As pp said even after one year you would be worse off as you would be surviving compared to him being able to get better mortgages, credit card deals, higher savings rates (or actually being able to save), afford better holidays etc on his salary. Then of course his pension will be a lot better when he retires as his bigger salary means he can put a higher percentage in during his working life, pre and post divorce.

Makes you think doesn't it.

BoohooWoohoo · 29/10/2023 21:30

If the kids are very young and your ex was high earning then you might have an argument for spousal support so that you could train but it's a temporary thing like 2/3 years.

You would probably get 50% of the assets at the point of divorce but as your ex earns more, he would quickly overtake you as he could afford to save more, buy a pricier house etc

You wouldn't be directly compensated for doing the unpaid stuff. You would benefit indirectly from ex's higher wages which means more savings etc A judge would expect you to work more hours/ retrain if your salary wasn't enough to live on.
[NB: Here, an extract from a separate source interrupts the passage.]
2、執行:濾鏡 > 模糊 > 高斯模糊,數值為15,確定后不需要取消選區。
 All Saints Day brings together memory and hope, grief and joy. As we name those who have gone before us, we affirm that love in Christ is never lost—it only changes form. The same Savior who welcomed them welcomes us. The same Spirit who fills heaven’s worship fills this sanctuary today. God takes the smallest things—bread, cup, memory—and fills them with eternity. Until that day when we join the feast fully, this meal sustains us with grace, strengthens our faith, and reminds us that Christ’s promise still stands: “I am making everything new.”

PosterBoy · 29/10/2023 21:30

namechangedagainagain · 29/10/2023 21:21

@PosterBoy - do you mean 'not saving as much as him' post divorce or during marriage? We have joint everything. Whatever we earn gets flung into shared pots

After

You would split everything 50:50.

A year later, you would have saved less or nothing compared to him - on a salary 1/4 his, with no child maintenance from him, higher mortgage payments or renting

Meandyouandyouandme · 29/10/2023 21:31

Yes I am really happy, but will be working till 67, I’m 51 now and if we’d stayed together we could have retired at 55ish. I’m living in our retirement fund, it is all mine though and very cosy.

gotomomo · 29/10/2023 21:36

We split the house 60/50 in my favour plus I receive a modest spousal support payment monthly, pensions were 50/50 (mostly his to me). We came to a private arrangement

namechangedagainagain · 29/10/2023 21:40

It really does make you think! But I don't know what I'd have done differently - I could have gone for a high earning career rather than something I loved (which didn't work out financially that well, and i's very disappointing tbh) but I've lived life on the terms I wanted and that has to be a life well spent.
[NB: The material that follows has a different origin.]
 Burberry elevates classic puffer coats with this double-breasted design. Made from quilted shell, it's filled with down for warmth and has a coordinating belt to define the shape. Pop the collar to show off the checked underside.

We're not far off retiring, to be honest. We don't have a mortgage and if we did split, I'd be able to get a mortgage free place.

I'm actually not even thinking of splitting - but I have always read these threads about divorce thinking one thing...and today I realised it was wrong.

The only reason i married (I wouldn't have cared) is because my solicitor urged me to - said common law amounted to fuck all.

OP posts:
namechangedagainagain · 29/10/2023 21:41

PosterBoy · 29/10/2023 21:30

After

You would split everything 50:50.

A year later, you would have saved less or nothing compared to him - on a salary 1/4 his, with no child maintenance from him, higher mortgage payments or renting

Yes, I can see how this would happen. Sigh.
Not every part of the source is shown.